Embrace technology. Because our location right off interstate I-75 is a gateway to the University of Florida, a leading research university with a nationally ranked hospital system, we embraced technology from the get-go. UF recruits students, professors, researchers, and physicians from all over the world and we used technology to understand the consumer patterns and help our stores retail “smarter not harder.” For example, our Lilly Pulitzer boutique store, Pink Narcissus, stocks Lilly styles and colors based on inventory tracking tailored to this market. Gator orange and blue fly out the door in a market that drives five million annual visitors to university-related events. They showcase their lines via Facebook Live runway-style “events” on their social media channel and connect on a hyper-personal level with their audience.

Understand your extended market. Gainesville is the economic hub of a 14-county region and, with six state and national parks in one county, is a world-renowned travel destination for nature enthusiasts. The managers of Dick’s Sporting Goods in Butler North understand that their kayak and hiking section needs to be more diverse and extensive than a store located in south Florida. Our location on I-75 is a natural stopping point for many travelers, and our development plays to extended “stay-time.” With 50 diverse dining options and 3.5 miles of walking trails with required retention ponds, there’s plenty of reason for visitors, their kids, and even their pets to stick around. Adding murals crafted in partnership with local artists creates a cultural experience for all.
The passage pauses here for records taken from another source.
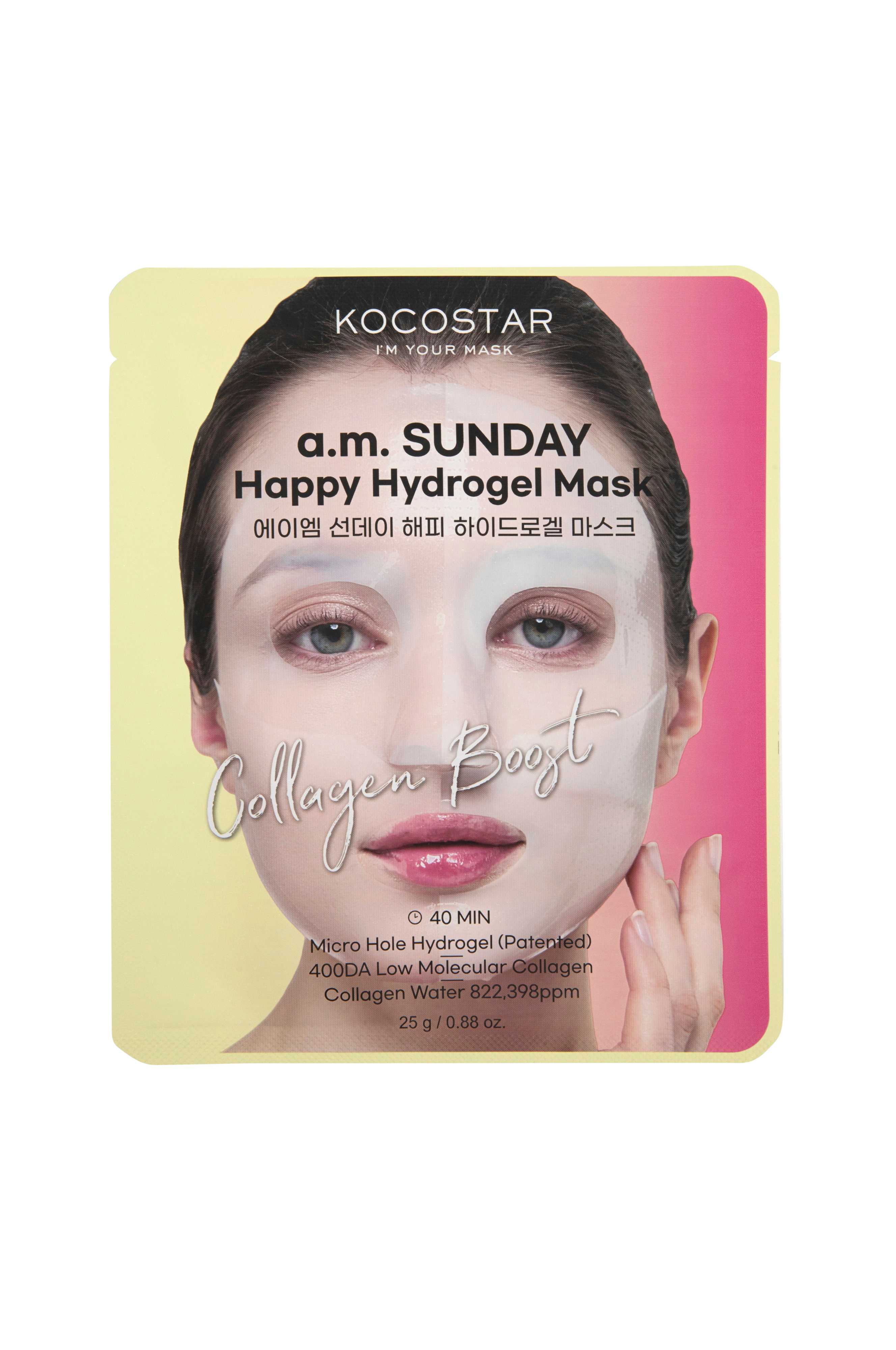 a.m. Sunday Happy Hydrogel Mask er en opstrammende hydrogelmaske, der hjælper med at fremme en sund, smidig og glødende hud samt fugter og lysner teinten. Indeholder kollagenvand og lavmolekylært kollagenekstrakt, som trænger dybt ind i huden og giver mærkbare resultater. Indeholder også andre kraftfulde ingredienser som niacinamid, adenosin, hyaluronsyre, E-vitamin og allantoin.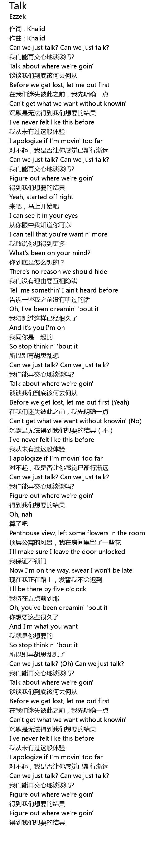 | Album | Khalid - Talk |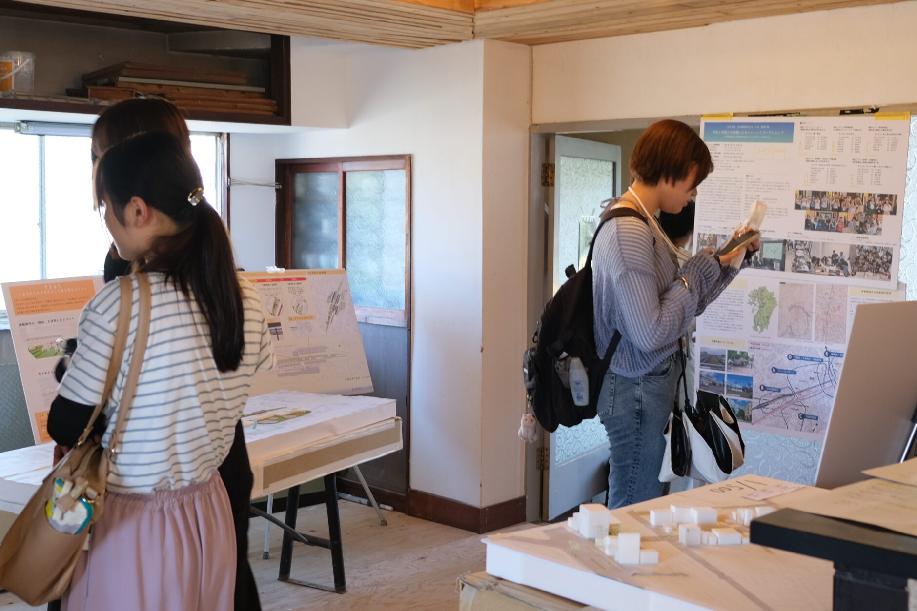 また古里荘には、9月に実施した日本建築学会主催の学生シャレットワークショップで出された提案の模型を展示し、未来のまちづくりについて関心を持ってもらう機会としました。

Retailer-developer collaboration. As a developer, we carefully package our property’s brand story in a cohesive, compelling manner, providing information to engage and inspire new stores in the design phase. This year we opened the region’s first Whole Foods Market and, during the build process, their talented designers fell in love with the historical aeronautical element of the property. Working directly with our in-house marketing team, Whole Foods designed its café around the theme. The vintage furniture and black-and-white photography timeline that adorns the wall of the café made Whole Foods seem like a member of the community from day one.

Retail real estate is truly an evolutionary process, and while our history proves the concept of localization isn’t a new one, today’s innovation and methodology has had to be more compelling, more tailored, and more development-pervasive to fit the experience-seeking, tech savvy customer of today.

Deborah Butler is president of Butler Enterprises, based in Gainesville, Fla.